Research

This underground chamber at Lac du Bonnet, Manitoba, was dug to test pre-Cambrian granite as a possible repository for high-level radioactive wastes.

Research Reactors

Scientists employ research reactors to study the atomic properties of matter. When non-radioactive materials are bombarded by neutrons inside a reactor, they become radioactive, making high precision chemical analyses possible.

Isotope Production

Radioactive isotopes can be produced in abundance in research reactors; these are sold for use in medicine, industry and science. Canada is the world's largest supplier of molybdenum-99 and cobalt-60.

In addition to the large research and isotope production reactors at Chalk River, several universities in Canada have their own research reactors.

Food Irradiation

In an effort to find new markets for isotopes, the Canadian nuclear industry intends to use gamma radiation from cobalt-60 to kill insects and microbes in spices, fruit, poultry, grain and other foodstuffs. The purpose is to prolong shelf-life. A similar technology is used to sterilize medical equipment.
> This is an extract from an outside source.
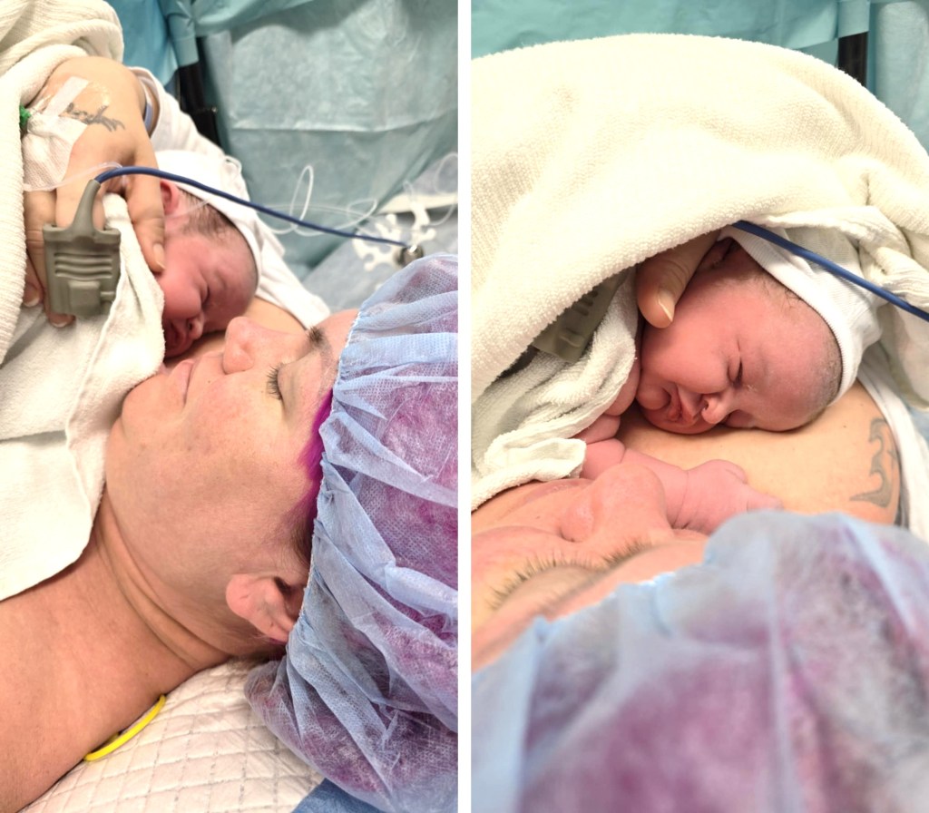 Så kom Äntligen Yumi till min famn. Jag vet inte vad som är standard vid en vaginal förlossning, men här frågar de om man vill ha barnet på bröstet eller ej vilket jag tycker är jättebra! Det är så mycket känslor i en under en förlossning! Jag längtade efter Yumi så jag sa Ja.

The irradiation process can create new chemical substances (radiolytic products) in the food, some of which are carcinogenic. As well, irradiation can eliminate or reduce vitamins and minerals, including vitamin A, thiamine, B2, B3, B6, B12, folic acid, C, E and amino acids. The loss can vary between 20 and 80 percent.

The industry proposes that irradiated food be labeled inconspicuously to minimize consumer anxiety.

District Heating Reactors

Small reactors can provide hot water or steam to heat a group of buildings. At Whiteshell, a prototype district heating reactor was built but never licensed for full power operation. Two universities in Quebec and Saskatchewan refused offers of free district heating reactors. Canadian research on such reactors has since been suspended.

Geologic Disposal

At the Underground Research Laboratory in Manitoba, a shaft has been sunk 500 meters down into the hard rock of the Canadian Shield and underground chambers have been excavated. The aim is to explore the possibility of permanent burial of high level radioactive waste.

The Government of Manitoba has outlawed the import of high level waste into Manitoba for the purpose of burial.

High Level Liquid Radwastes

Scientists at Whiteshell have studied the solidification of high level radioactive liquid waste left over from reprocessing spent nuclear fuel.

Nuclear proponents expect that plutonium will be extracted from spent fuel before the waste is placed in geologic disposal. In that case, the liquid waste will have to be solidified.

At Chalk River, there are six underground tanks of high level radioactive liquid waste left over from reprocessing in the 1950s. Some of this liquid waste was cast into glass blocks and buried in sandy soil near the Ottawa River. It was the world's first radwaste solidification pilot project.

Plutonium Fuel

Chalk River ran a pilot plutonium fuel fabrication line for years, planning for the day when plutonium fuel would be standard. These plans were given reduced priority when President Carter opposed reprocessing on global security grounds. Recently, President Clinton has adopted a similar point of view on reprocessing.

But Canada still keeps the plutonium option open. In 1997, plutonium from dismantled nuclear bombs was approved for testing as reactor fuel at Chalk River.